22 septiembre, 2007

Un corazón invencible.

Todavía no tengo muy claro si es que Winterbottom ya no es el agitador de conciencias que fue con Camino a Guantánamo, o si es que no le salen las películas que quiere. El otro día fui a ver Un corazón invencible pensando que me ofrecería una visión seria del terrorismo islámico y, en lugar de eso, salí del cine con ganas de arrancarle las tripas al primer terrorista que se cruzase en mi camino. Un corazón invencible es la historia de una periodista rica y privilegiada que vive en Karachi. La pobre está rodeada de salvajes pakistaníes que se pasan el tiempo maquinando atentados contra occidente. Uno de estos salvajes, no se sabe muy bien quién, decide secuestrar a su marido. Y a partir de aquí, a la periodista pija no le queda más opción que tratar de dar con él. Por suerte, cuenta con la ayuda de los policías que menos escrúpulos tienen de todo Pakistán: tipos duros que van por la vida dando hostias a todo el que les ponga alguna pega. Añada usted una pizca de torturas aquí, una pizca de espionaje allá, y el planteamiento está completo. No se puede negar que es una historia digna del mismísimo Tom Clancy o, como he contado en Sindrogámico, de las tv movies que ponen en Antena 3. Pero… ¿a dónde han ido a parar los puntos que Winterbottom solía poner sobre las íes? Ni idea. Quien quiera ver otro revulsivo anti Bush como Camino a Guantánamo, mejor que se ahorre el dinero. Lo más prudente que se puede decir del mensaje que transmite esta película es que resulta sospechosamente ambiguo. Quien avisa no es traidor.

6 comentarios:

Á. Matía dijo...

Hola:

Ya lo he comentado en Sindrogámico. No consiguen captar el interés en una película que ya se sabe cuál va a ser el final

Un saludo

manuel-tuccitano dijo...

las peliculas con tintes vengaivos...no son buenas para mentes poco formadas o deformadas...luego vienen los atisbos de xenofobia...un saludo

nán dijo...

Bueno, pues empezaré por sacar Camino a Guantánamo y por ni ver esta. Y de paso, le diré al joven L que todavía anda por casa (parece que es cuestión de semanas, la huida) que lea esto antes de verla, porque le he oído hablar bastante bien de este director.

Rfa. dijo...

á. matía: Ignorante de mi, me planté en el cine sin saber cómo acababa la historia real. Y eso, claro, jugó a mi favor porque estuve enganchado hasta el final. Aun así, creo que Winterbottom se equivoca al basar el interés de su historia en el desenlace de la misma. Habría sido mucho más atractivo, por ejemplo, empezar desde el final y construir un relato con menos intriga, pero más originalidad.
manuel-tuccitano: Hay que reconocer que Winterbottom ha llevado a la pantalla retratos muy vívidos de diferentes ciudades por el planeta, y que ver algunas de sus películas es casi como viajar. Pero, a pesar de esto, es inevitable sentir que su cámara siempre mira con un cierto desconcierto occidental, como si lo único que le llamase la atención de los lugares que filma fuese el lado más exótico.
Nán: ¿Ya no te acuerdas de que nosotros nos conocimos gracias a Winterbottom? Por mucho que esta película le haya salido rana, sigue siendo un director fundamental. Algún día le rendiré un homenaje aquí, en mitte.

Hatt dijo...

A mi es que un argumento con ese punto de partida ya me echa directamente hacia atrás. Pero bueno, opiniones tiene que haber para todos los gustos.

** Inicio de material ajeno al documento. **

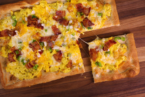 Roll out pizza crust onto a greased 15 x 10 x 1 baking sheet. Flatten dough & pinch up edges slightly. Brush with 1 TB olive oil. Prick dough with a fork & bake at 400 for 6 minutes or until lightly browned. Meanwhile, whisk eggs, water, & hot sauce. In a small skillet, heat remaining oil & add eggs. Cook & stir over medium heat until completely set. Spoon eggs over crust, season with salt & pepper, then top with cheeses. Add peppers & onions, if using. Top with meats. Bake for 7 minutes, or until cheese is melted.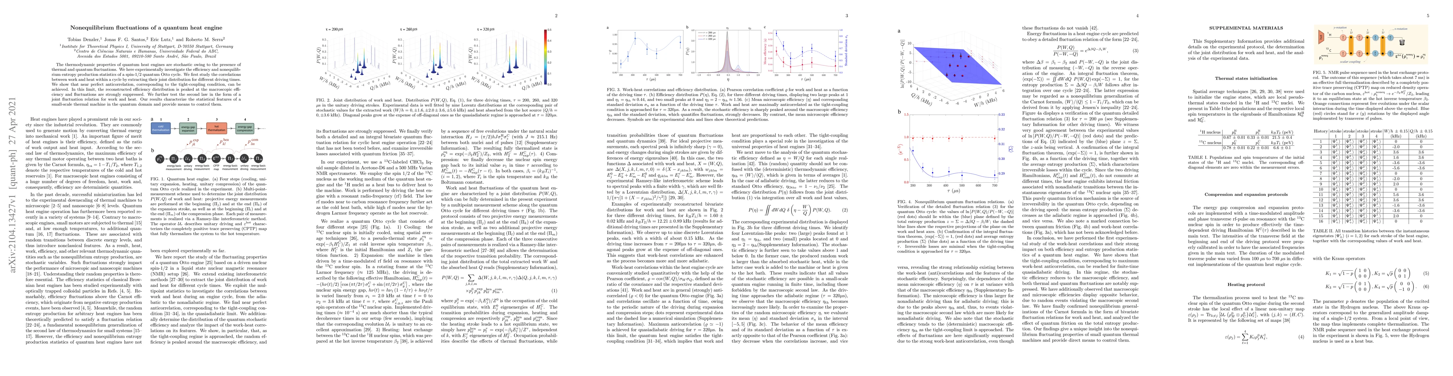 This paper experimentally investigates the efficiency and nonequilibrium entropy production in a quantum Otto cycle, demonstrating near perfect anticorrelation between work and heat, which suppresses fluctuations and peaks efficiency. The study also tests a joint fluctuation relation, characterizing the statistical features of quantum heat engines.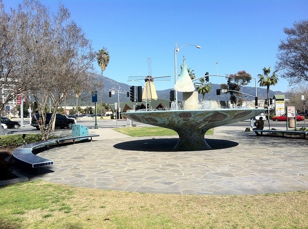 After briefly visiting the arboretum, we headed northeast along Huntington Drive, Arcadia’s so-called “Restaurant Row.” Another sidewalk-scarce stretch, it’s also home to a striking Chamber of Commerce building, the Arcadia Historical Museum, and the Santa Anita Golf Course (original site of the Santa Anita Racetrack and site US Army‘s Ross Field Balloon School during World War I). In Arcadia County Park we briefly checked out a fountain with a peacock motif, although equally eye-catching is the adjacent Denny’s with a windmill atop it — a reminder that it was formerly a Van de Kamp’s Restaurant.
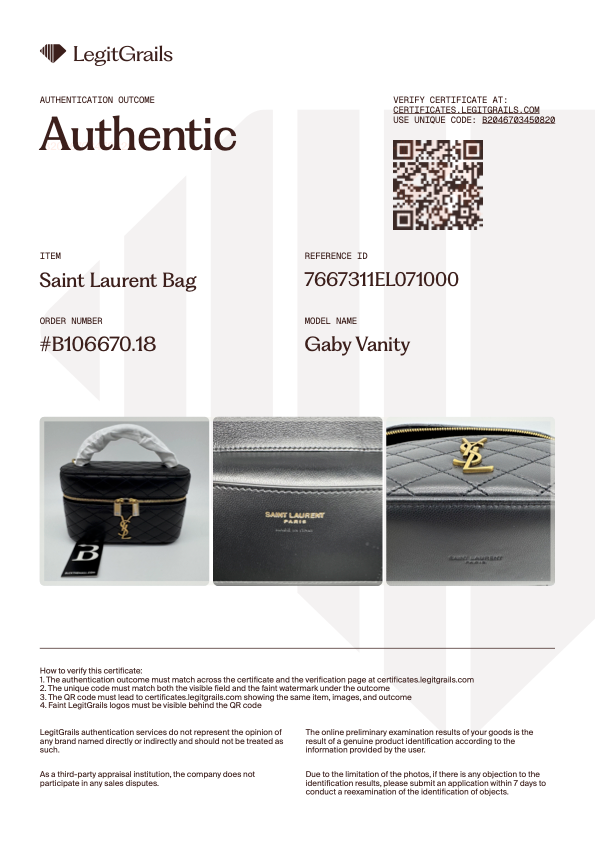 Lavoriamo esclusivamente con fornitori verificati nel settore del lusso. Ogni pezzo viene selezionato con cura prima di entrare nel nostro catalogo e può essere verificato in qualsiasi momento tramite LegitGrails, il servizio di autenticazione di riferimento in Europa.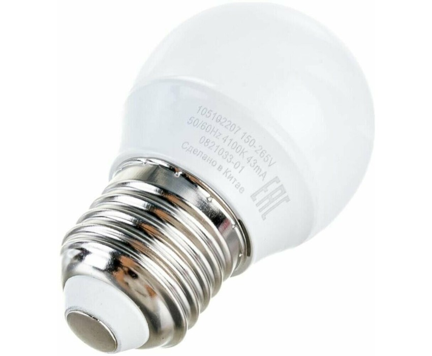 Тип товара: светодиодная. Мощность: 6.5. Световой поток: 550. Максимальный срок службы: 35000. Напряжение питания: 220. Патрон: E27. Колба: P45. Угол светового пучка: 240. Класс энергоэффективности: A+. Матовая: да. Форма лампы: шар. Габариты упаковки (ед) ДхШхВ: 0.23x0.05x0.18. Вес упаковки (ед): 0.4. Страна производства: Китай. Высота: 80. Диаметр: 45. Диммеруемая: нет. Цветовая температура: 4100. Индекс цветопередачи: 90. Цвет: белый. Цвет свечения: белый нейтральный. Тип лампы: светодиодная. Степень защиты: IP20. Гарантия: 24 мес.. Количество ламп: 10 шт.. Параметры: 550 lm. Форма: шар. Количество ламп: 10 шт. Напряжение: 220 В. Цоколь: E27. Угол светового пучка: 240 °. Мощность: 6.5 Вт

Por cierto Rfa. ya que te gustan las listas, por qué no haces la tuya de tus 25 películas favoritas...

Un saludo (y nos leemos).

nán dijo...

Claro que me acuerdo. Incluso era el camino por el que llegaba a vosotros, desde el blog colectivo que ni usamos en el que puse las fotos de la peli Tristram Shandy, y debajo el enlace a Sindrogámico.